» ASSIGNMENT: Scan the listing below for lines with the word "security". Report how many there are, as a number alone.

» STORED DATA:
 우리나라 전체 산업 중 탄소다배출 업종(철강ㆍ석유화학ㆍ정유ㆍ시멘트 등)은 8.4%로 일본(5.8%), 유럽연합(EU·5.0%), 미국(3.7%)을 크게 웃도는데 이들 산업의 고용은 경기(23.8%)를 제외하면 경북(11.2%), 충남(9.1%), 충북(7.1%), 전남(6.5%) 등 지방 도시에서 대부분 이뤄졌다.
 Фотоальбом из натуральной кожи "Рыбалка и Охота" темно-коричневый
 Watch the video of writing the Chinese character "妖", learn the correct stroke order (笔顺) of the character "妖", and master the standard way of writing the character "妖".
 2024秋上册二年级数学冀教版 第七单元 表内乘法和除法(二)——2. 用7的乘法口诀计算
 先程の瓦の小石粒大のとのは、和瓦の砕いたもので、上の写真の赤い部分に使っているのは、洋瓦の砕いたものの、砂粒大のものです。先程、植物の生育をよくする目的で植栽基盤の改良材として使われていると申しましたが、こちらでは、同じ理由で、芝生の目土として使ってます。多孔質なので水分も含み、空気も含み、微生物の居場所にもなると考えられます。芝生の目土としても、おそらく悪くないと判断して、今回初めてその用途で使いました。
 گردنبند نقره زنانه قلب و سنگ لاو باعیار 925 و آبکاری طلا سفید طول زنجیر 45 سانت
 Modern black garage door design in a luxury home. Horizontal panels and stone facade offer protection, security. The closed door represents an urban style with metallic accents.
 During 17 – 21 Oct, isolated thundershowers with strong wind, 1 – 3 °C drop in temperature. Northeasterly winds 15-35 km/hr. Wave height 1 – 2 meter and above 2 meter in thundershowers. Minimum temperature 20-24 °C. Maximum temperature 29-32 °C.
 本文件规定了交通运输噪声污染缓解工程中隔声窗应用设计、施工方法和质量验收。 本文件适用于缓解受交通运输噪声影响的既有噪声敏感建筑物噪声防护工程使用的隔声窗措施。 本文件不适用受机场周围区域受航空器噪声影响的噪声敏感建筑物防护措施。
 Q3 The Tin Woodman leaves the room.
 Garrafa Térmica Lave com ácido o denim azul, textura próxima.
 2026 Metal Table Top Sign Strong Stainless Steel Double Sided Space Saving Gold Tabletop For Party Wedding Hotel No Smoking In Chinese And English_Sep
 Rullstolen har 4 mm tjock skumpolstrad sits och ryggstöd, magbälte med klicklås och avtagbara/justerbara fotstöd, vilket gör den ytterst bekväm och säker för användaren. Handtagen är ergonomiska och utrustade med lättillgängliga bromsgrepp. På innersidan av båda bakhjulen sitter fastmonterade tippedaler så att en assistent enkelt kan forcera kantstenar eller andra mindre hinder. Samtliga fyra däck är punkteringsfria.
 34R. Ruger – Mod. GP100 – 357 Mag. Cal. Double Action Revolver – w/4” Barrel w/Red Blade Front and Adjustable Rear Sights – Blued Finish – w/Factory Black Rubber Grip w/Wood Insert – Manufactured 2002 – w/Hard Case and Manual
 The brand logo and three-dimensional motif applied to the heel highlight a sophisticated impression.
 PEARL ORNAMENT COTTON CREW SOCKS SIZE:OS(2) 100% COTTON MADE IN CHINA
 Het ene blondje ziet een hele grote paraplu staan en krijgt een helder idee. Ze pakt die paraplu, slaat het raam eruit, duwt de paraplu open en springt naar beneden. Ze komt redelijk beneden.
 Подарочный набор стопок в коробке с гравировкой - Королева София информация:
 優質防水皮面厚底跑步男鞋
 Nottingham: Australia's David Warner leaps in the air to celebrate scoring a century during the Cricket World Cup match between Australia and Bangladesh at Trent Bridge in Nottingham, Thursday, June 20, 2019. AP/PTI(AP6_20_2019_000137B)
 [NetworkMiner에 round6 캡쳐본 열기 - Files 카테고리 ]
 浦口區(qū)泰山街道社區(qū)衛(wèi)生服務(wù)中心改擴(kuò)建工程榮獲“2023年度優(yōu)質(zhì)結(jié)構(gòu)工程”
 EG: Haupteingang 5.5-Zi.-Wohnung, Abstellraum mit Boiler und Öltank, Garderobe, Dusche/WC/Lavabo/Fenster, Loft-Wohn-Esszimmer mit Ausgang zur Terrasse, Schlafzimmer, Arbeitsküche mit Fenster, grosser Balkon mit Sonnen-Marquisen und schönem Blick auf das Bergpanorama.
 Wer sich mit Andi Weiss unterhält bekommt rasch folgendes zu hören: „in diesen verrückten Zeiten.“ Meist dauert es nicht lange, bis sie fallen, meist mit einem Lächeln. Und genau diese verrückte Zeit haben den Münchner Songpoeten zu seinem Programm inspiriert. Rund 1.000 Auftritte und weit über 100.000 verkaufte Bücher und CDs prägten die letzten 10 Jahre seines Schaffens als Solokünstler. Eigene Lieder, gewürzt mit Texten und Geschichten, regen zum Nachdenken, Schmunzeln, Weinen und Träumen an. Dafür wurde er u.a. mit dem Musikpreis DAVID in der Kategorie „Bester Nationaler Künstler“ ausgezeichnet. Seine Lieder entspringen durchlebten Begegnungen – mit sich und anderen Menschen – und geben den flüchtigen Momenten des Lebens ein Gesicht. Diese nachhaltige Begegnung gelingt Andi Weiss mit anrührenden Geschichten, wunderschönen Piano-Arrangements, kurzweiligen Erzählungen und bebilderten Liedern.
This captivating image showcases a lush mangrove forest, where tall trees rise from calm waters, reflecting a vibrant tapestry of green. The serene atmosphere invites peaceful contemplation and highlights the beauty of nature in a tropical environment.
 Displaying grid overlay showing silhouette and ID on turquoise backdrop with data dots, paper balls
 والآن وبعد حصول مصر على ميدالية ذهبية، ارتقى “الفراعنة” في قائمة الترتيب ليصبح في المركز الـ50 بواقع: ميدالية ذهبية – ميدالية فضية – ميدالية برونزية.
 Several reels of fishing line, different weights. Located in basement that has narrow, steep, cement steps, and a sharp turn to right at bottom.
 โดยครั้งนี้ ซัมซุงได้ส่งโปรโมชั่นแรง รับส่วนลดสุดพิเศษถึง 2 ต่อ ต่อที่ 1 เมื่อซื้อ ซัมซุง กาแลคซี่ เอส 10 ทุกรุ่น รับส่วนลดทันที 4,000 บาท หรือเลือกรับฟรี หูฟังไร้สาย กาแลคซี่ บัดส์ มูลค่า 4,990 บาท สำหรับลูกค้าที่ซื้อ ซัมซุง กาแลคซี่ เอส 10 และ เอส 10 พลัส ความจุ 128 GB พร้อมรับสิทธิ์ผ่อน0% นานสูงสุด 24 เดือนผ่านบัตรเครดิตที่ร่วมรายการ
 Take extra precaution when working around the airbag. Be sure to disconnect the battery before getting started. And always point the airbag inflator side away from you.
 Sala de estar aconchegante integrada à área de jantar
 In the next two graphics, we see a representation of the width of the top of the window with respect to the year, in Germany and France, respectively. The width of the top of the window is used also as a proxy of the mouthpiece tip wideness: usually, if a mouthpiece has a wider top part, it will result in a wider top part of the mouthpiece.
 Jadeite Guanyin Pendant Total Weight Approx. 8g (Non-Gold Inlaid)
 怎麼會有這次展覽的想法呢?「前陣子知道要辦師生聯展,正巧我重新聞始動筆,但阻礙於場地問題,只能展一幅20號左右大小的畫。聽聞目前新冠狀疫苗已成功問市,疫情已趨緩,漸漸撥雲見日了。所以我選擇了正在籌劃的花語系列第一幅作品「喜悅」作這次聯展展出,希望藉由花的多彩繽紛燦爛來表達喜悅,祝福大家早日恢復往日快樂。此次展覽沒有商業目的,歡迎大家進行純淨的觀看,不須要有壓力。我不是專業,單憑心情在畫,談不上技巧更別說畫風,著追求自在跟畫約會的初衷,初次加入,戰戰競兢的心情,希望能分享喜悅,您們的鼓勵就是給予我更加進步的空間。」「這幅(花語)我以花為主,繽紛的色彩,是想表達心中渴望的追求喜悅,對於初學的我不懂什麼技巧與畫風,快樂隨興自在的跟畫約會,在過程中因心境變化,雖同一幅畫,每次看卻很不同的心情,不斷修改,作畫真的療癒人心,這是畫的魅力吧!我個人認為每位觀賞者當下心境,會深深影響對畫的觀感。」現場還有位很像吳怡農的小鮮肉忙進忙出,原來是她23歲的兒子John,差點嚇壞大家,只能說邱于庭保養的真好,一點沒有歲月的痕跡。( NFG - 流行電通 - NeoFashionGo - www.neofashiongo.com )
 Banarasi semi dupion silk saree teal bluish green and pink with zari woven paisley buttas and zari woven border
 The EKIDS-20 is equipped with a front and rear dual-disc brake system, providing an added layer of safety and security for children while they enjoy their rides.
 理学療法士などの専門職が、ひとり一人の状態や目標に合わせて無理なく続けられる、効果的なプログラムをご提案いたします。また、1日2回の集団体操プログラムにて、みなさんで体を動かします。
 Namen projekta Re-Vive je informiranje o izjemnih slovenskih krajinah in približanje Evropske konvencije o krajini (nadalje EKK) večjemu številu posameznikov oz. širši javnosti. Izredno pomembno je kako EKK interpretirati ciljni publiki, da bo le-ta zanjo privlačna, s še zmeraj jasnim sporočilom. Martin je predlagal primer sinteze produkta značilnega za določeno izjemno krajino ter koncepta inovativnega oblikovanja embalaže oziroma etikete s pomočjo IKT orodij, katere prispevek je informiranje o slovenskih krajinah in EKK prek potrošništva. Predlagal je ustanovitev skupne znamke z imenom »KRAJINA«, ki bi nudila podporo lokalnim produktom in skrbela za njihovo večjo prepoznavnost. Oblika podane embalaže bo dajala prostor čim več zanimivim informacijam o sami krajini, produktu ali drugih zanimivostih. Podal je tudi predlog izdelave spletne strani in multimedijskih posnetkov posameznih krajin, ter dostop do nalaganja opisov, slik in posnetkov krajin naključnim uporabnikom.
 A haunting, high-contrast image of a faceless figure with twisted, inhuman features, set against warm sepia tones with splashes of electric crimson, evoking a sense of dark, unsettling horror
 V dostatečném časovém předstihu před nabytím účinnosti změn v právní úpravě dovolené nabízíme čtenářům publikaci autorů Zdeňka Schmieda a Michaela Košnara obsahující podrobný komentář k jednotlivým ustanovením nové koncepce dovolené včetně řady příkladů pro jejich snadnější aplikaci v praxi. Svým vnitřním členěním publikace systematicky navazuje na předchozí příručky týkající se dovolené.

» SOLVED PROBLEM: 2